Early December last year, I contemplated buying a HyperStar for my Cat.
I made certain that it was compatible by looking in the obvious place. The secondary mirror gets replaced by the HyperStar. There ought to be some indication there, right?
Check. It says "fastar compatible" right in front of the cover that hides the collimation screws. Fastar is Celestron's predecessor to the HyperStar, now manufactured by Starizona.
I took this photo early December. See the reflection of the Christmas tree lights on the corrector plate?
I placed the order and then waited weeks for it to arrive. The clouds didn't actually arrive until the HyperStar did, getting my hopes up for an easily had first light!
Here is the HyperStar, fresh out of the box.
Installed on the corrector plate. This required removing the secondary mirror, disconcertingly exposing a big gaping hole until the HyperStar was rotated into place.
With the ZWO ASI294MC imager installed, the HyperStar is heavy, requiring a weight on the other end of the Cat to keep things balanced.
The weight is inserted into the one and a quarter inch eyepiece interface on the visual back. Pretty scary, huh? It is very sturdy, though.
Note that in this configuration, this is no such thing as "visual astronomy." Putting the HyperStar on the Cat is making a commitment to use the imager for the duration!
This weekend was the first opportunity of this year to bring the Cat out and use the HyperStar under a clear, moonless sky with good transparency.
It was an opportunity to experience the wide field view that the HyperStar brings to the Cat. The field of view with the combination of the ZWO ASI294MC and the HyperStar on my CPC-1100 is 2.04 x 1.39 degrees! The HyperStar brings the focal ratio or "speed" of the Cat from an F/10 to an F/2!
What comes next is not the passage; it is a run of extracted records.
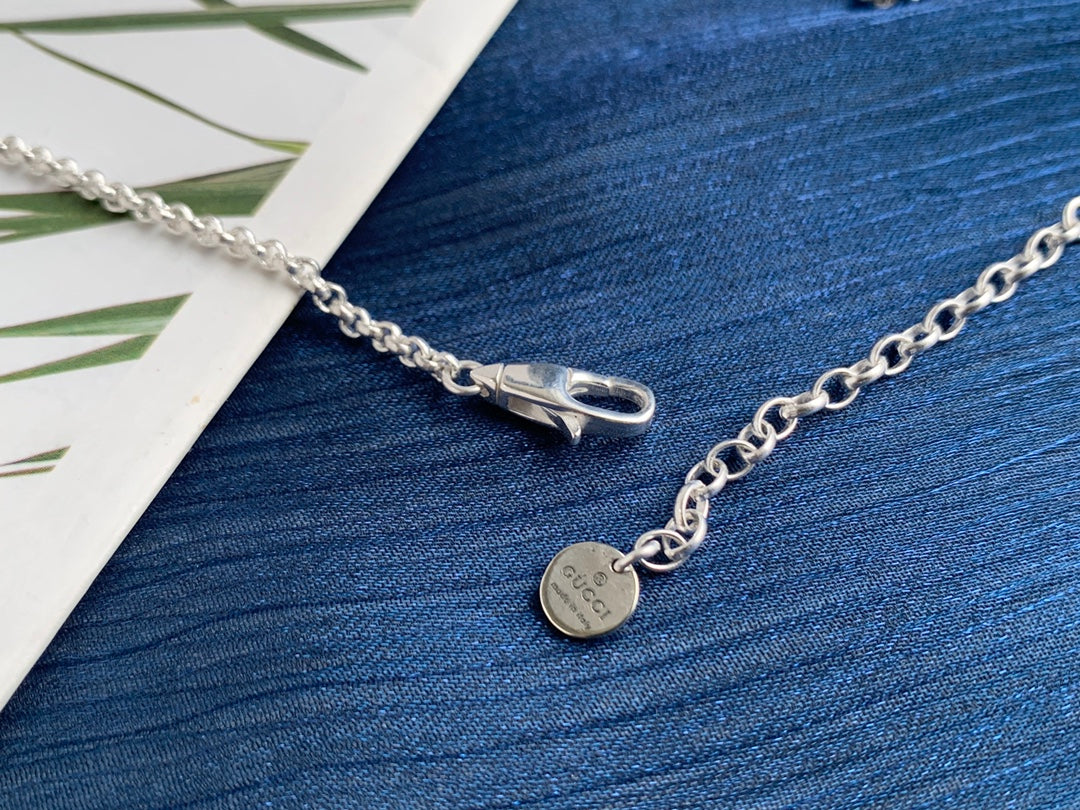 GG PENDANT NECKLACE LOGO ENGRAVED G CHARM TOP PLATE SILVER
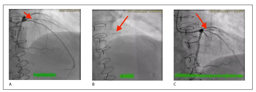图7 冠状动脉造影图像展示使用药物涂层球囊(DCB)治疗累及第一对角支开口处、狭窄程度达90%的原发小血管病变。(A) 术前图像显示第一对角支开口处存在90%狭窄。(B) 术中释放2.5 × 12 mm的AGENT药物涂层球囊,以4个大气压扩张60秒。(C) 术后图像显示DCB干预后狭窄程度改善至30%,血管通畅性显著提升。
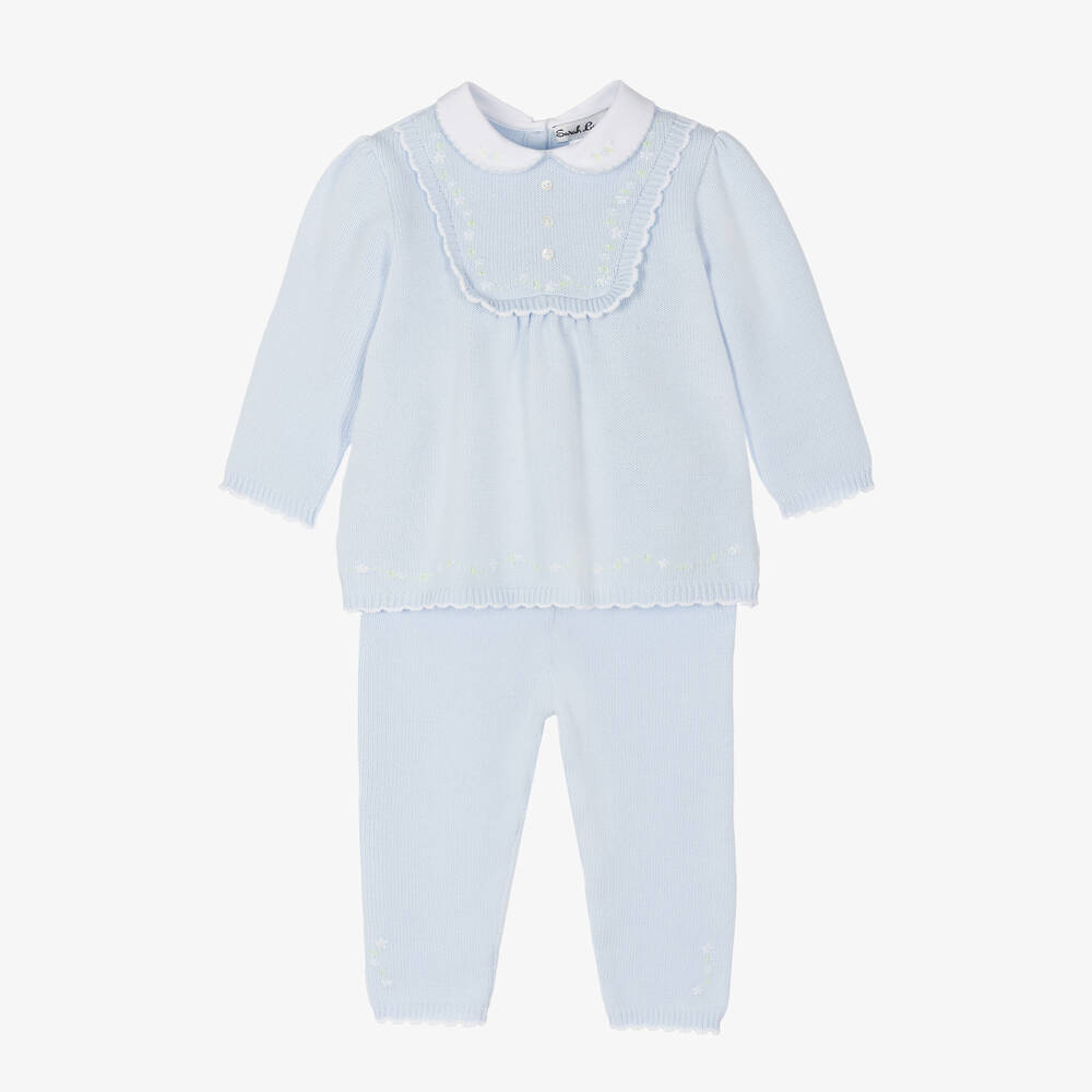 A lovely light blue trouser set for younger girls by Sarah Louise, with white scalloped trims. In a mid-weight cotton knit, the sweater has hand-embroidered details on the bodice with decorative buttons in the centre. Blue and green floral chains add delicate detailing to the hem and pearlescent buttons fasten on the back. The white Peter Pan collar is decorated with muted flowers and delicately finished with a blue picot trim. With matching needlework on the legs, the paired trousers have a stretchy waist to make dressing easier.
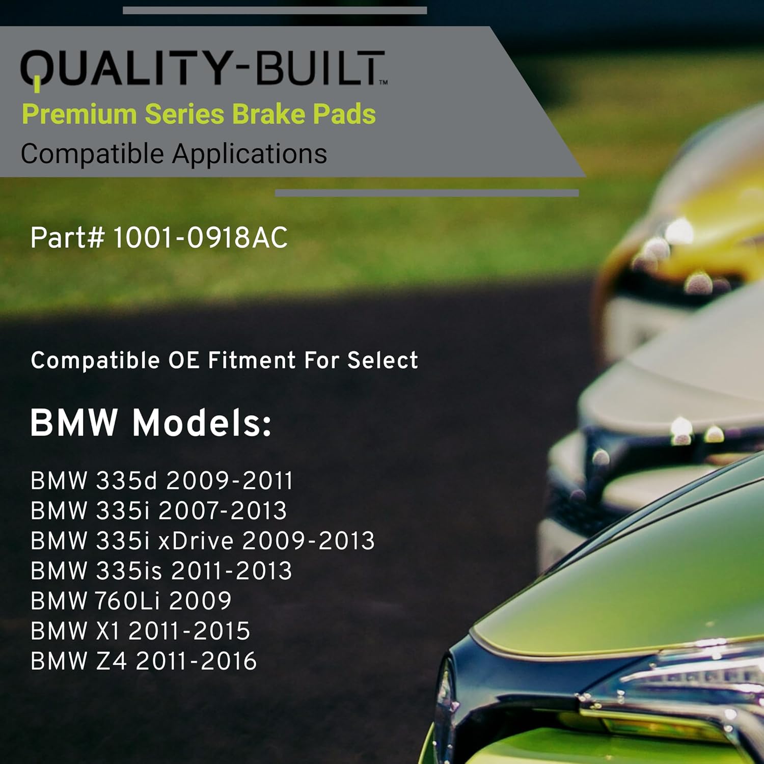 - VEHICLE FITMENT LIST: BMW 335d 2011-2009, 335i 2013-2007, 335is 2013-2011, 335i xDrive 2013-2009, 760Li 2009, X1 2011, X1 2015-2013, Z4 2016-2011 (PART#1001-0918AC)
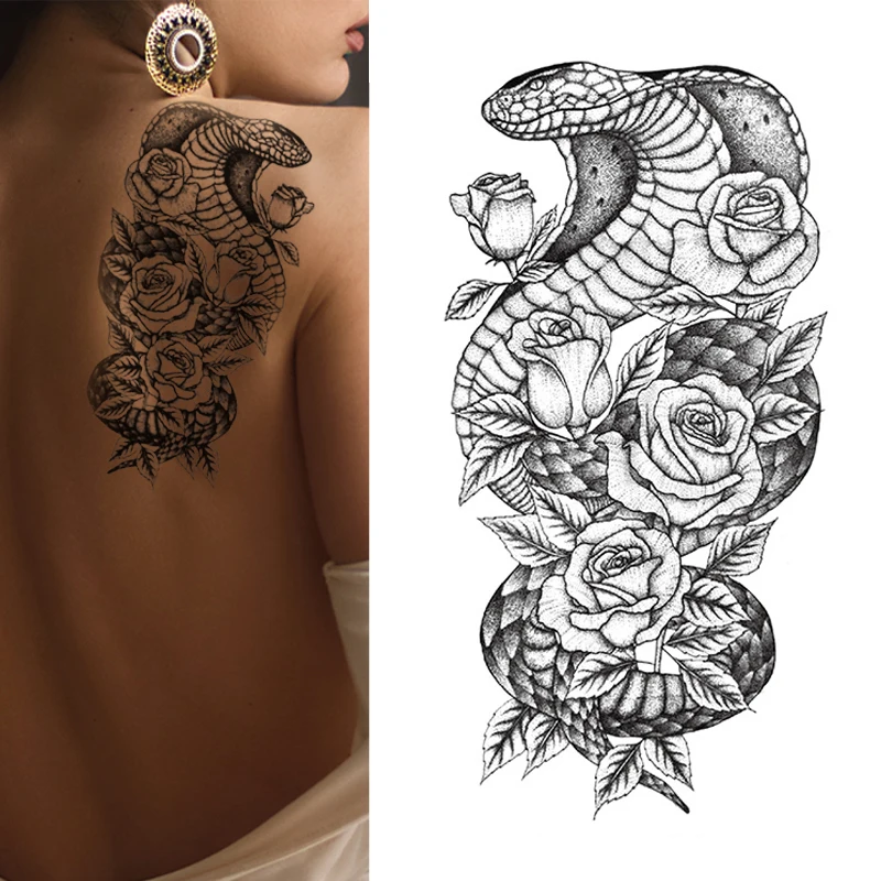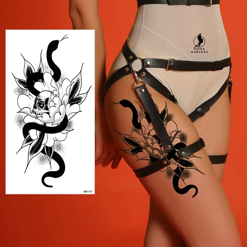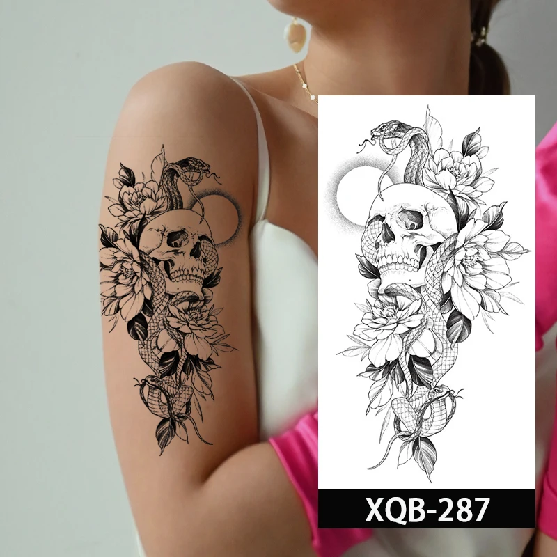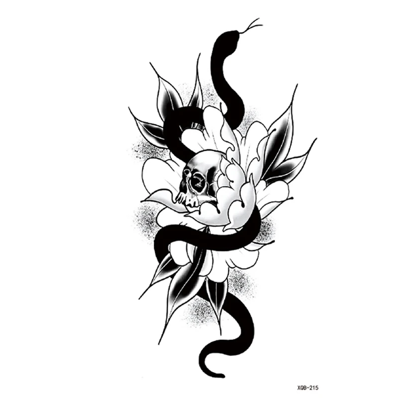 Tattoo Stickers Waterproof Semi Temporary Mamba Death Disciple Skull Snake Sexy Fake Tattoo For Men Women Hand Body Artist Gift
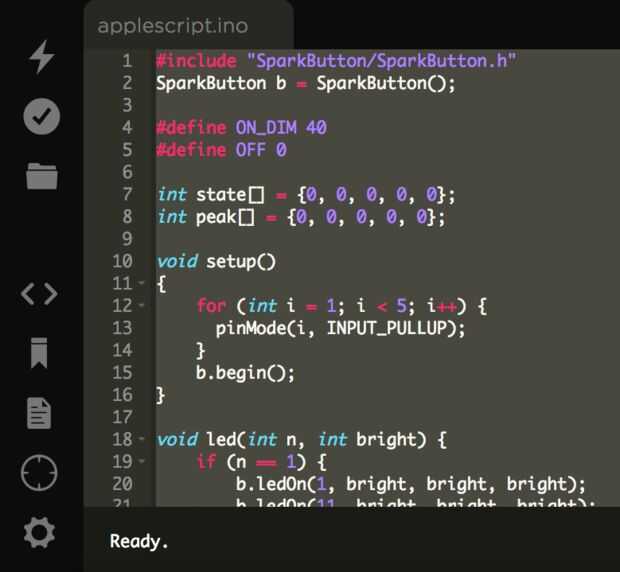 Los botones en el escudo de núcleo de la chispa de "botón de internet" se enganchan para arriba D1-D4. Puedes subir este bosquejo en GitHub el sitio web de spark.io y luego la flash a la placa con el rayo (arriba izquierda). Esto tendrá el núcleo de la chispa supervisar los botones y emitir eventos cuando uno o todos botones son liberados después de ser presionado. (Sólo 2 o 3 teclas y soltando no se disparará un evento, esto es deliberado).

It was cold and windy, but a star party was had anyway.
The following images are highlights from the observing session. Each of these images are the results of live stacking using SharpCap. Not astrophotography quality, but only required a few minutes of integration time . . . Click to make bigger.
I always take a peek at these two. To be able to see them requires the sky to have good transparency and this lets me temper my expectations for the night.
|The Horsehead and Flame nebulas|
The constellation Leo, has a number of delights to see. Here is the Leo triplet, also known as the M66 Group. It consists of M65, M66, and NGC3628.
|The Leo Triplet|
Really, no kidding, this is an image of Mars through the HyperStar, many months after opposition! It's a little tiny red-orange dot.